你最好的选择是PHP服务器端解析。我已经写了一小段代码向你展示了如何使用 DOMDocument (可能还有 tidy >如果你的服务器拥有它,以排除所有形式错误的XHTML foos)。


$ b 警告:输出UTF-8。你可以在DOMDocument的构造函数中改变它



注意事项2 -8不是iso-8859-9。

  header(content-键入:text / html; charset = utf-8); 
$ data = file_get_contents(http://www.bankasya.com.tr/index.jsp);
//清理它
if(class_exists(tidy)){
$ dataTidy = new tidy();
$ dataTidy-> parseString($ data,
array(
input-encoding=>iso-8859-9,
output-encoding= >iso-8859-9,
clean=> 1,
input-xml=> true,
output-xml=>
wrap=> 0,
anchor-as-name=> false

);
$ dataTidy-> cleanRepair();
$ data =(string)$ dataTidy;
}
else {
$ do = true;
while($ do){
$ start = stripos($ data,'< script');
$ stop = stripos($ data,'< / script>');如果((is_numeric($ start))&&(is_numeric($ stop))){
$ s = substr($ data,$ start,$ stop- $ start);

$ data = substr($ data,0,$ start).substr($ data,($ stop + strlen('< / script>')));
} else {
$ do = false;
}
}
//破解它?
$ data = str_replace(& nbsp;,,$ data);
//修复任何需要自闭标记的元素
if(preg_match_all(/<(link | img)([^>] +)> / is,$ data ,$ mt,PREG_SET_ORDER)){
foreach($ mt as $ v){
if(substr($ v [2], - 1)!=/){
$ data = str_replace($ v [0],<。$ v [1]。$ v [2]。/>,$ data);


$ b // Barf out in line JS
$ data = preg_replace(/ javascript:[^;] + / is,# ,$数据);
// Barf out noscripts
$ data = preg_replace(#< noscript>(。+?)< / noscript> #is,,$ data);
// Muppets。格式错误的评论=另外一个正则表达式,他们可以学习编写正确的HTML ...
$ data = preg_replace(#<! - (。*?) - !?> #is, ,$数据);
}
$ DOM = new \DOMDocument(1.0,utf-8);
$ DOM-> recover = true;
函数error_callback_xmlfunction($ errno,$ errstr){抛出新的异常($ errstr); }
$ old = set_error_handler(error_callback_xmlfunction);
//抛出所有的XML命名空间(如果有的话)
$ data = preg_replace(#xmlns = [\\']?([^ \\'] +) (\\(substr($ data,0,5,$) )!==<?xml)?'<?xml version =1.0encoding =utf-8?>':)。$ data);
} catch(Exception $($($($($)$ $ $ $ $ $ $ $ $ $ $ $ $ $ $ $ $ $'$' );
restore_error_handler();
error_reporting(E_ALL);
$ DOM-> queryEntities = true;
$ xpath = new \DOMXPath($ DOM);
echo $ DOM-> saveXML($ xpath-> query(// div [@ id = \ HomePageTabs_cont_3 \]) - > item(0));


$ b

  • 提取数据

  • 如果我们有 tidy ,用它清理HTML

  • 创建一个新的 DOMDocument 并加载我们的文档( $ dataT

  • 创建一个XPath请求路径

  • 使用XPath向所有div请求id设置为我们想要的,获取集合的第一项( - > item(0),这将是一个 DOMElement )并请求DOM输出其XML内容(包括标签本身)

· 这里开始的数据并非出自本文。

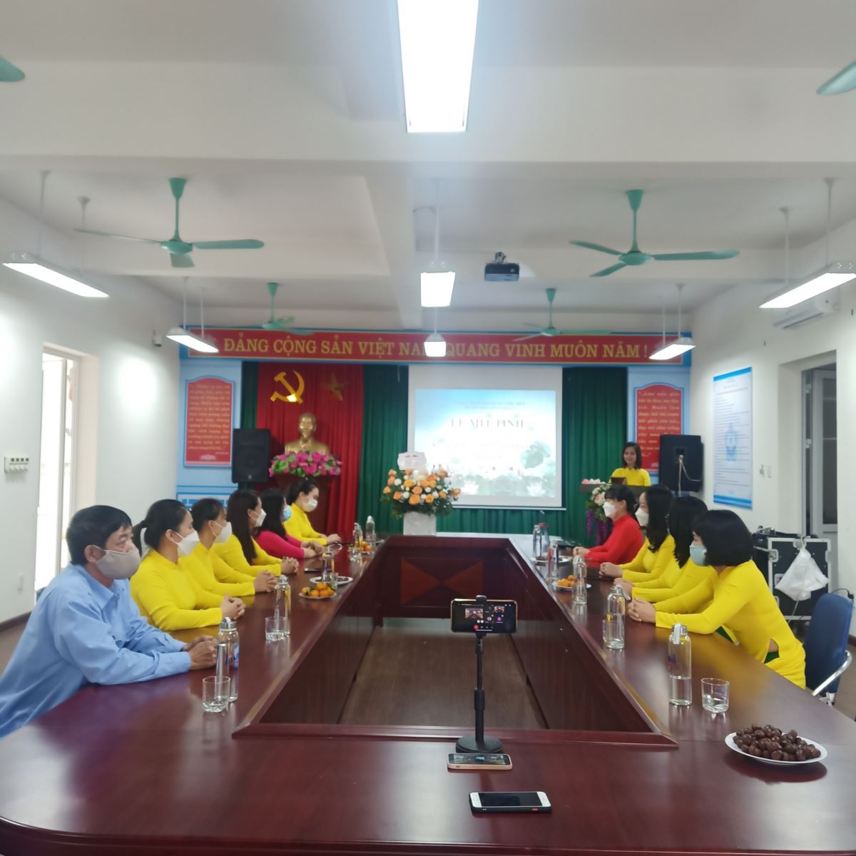 Năm học này tình hình dịch bệnh vẫn diễn biến hết sức phức tạp, chúng ta chưa được đến trường mà vẫn phải làm việc online. Tuy nhiên, BGH luôn mong các đc cố gắng đồng lòng chung sức và ý thức trách nhiệm để cùng nhau vượt qua đại dịch và sớm được trở lại trường học. Với nhiệm vụ cao cả là đón chuẩn QG và kiểm định đánh giá ngoài, tôi kêu gọi tinh thần trách nhiệm và sự nêu gương của các đồng chí để chúng ta sẽ thực hiện thắng lợi nhiệm vụ năm học 21-22.

    希望这是你的'重新寻找...尽管您可能想将它包装在一个函数中。



    编辑



    忘记提及: http://rescrape.it/rs.php 为实际脚本输出!



    编辑2



    更正,该网站不是W3C有效的,因此,您需要 tidy ,或者在处理之前将一组正则表达式应用于输入。我会看看我是否可以制定一套解决不一致的问题。

    编辑3



    为我们所有那些没有 tidy 的人增加了一个修复程序。



    编辑4



    无法抗拒。如果你真的喜欢这些值而不是表格,可以使用它来代替echo:

      $ d = new stdClass( ); 
    $ rows = $ xpath-> query(// div [@ id = \HomePageTabs_cont_3\] // tr);
    $ rc = $ rows->长度;
    for $($ i = 1; $ i <$ rc-1; $ i ++){
    $ cols = $ xpath->查询($ rows-> item($ i) - > ; getNodePath() / TD);
    $ d-> {$ cols-> item(0) - > textContent} = array(
    ((float)$ cols-> item(1) - > textContent),
    ((float)$ cols-> item(2) - > textContent)
    );
    }

    我不了解你,但对我而言,格式不正确的表格。



    (Welp,需要一段时间才能写出)

    I have made this:

    <html>
        <head>
            <script src="//ajax.googleapis.com/ajax/libs/jquery/1.9.1/jquery.min.js"></script>
            <script>
                $(document).ready(
                    function()
                    {   
                        $("body").html($("#HomePageTabs_cont_3").html());
                    }
                );
            </script>
        </head>
        <body>
        <?php
            echo file_get_contents("http://www.bankasya.com.tr/index.jsp");
        ?>
    
        </body>
    </html>
    

    When I check my page with Firebug, It gives countless "missing files" (images, css files, js files, etc.) errors. I want to have just a part of the page not of all. This code does what I want. But I am wondering if there is a better way.

    EDIT:

    The page does what I need. I do not need all the contents. So iframe is useless to me. I just want the raw data of the div #HomePageTabs_cont_3.

    解决方案

    Your best bet is PHP server-side parsing. I have written a small snippet to show you how to do this using DOMDocument (and possibly tidyif your server has it, to barf out all the mal-formed XHTML foos).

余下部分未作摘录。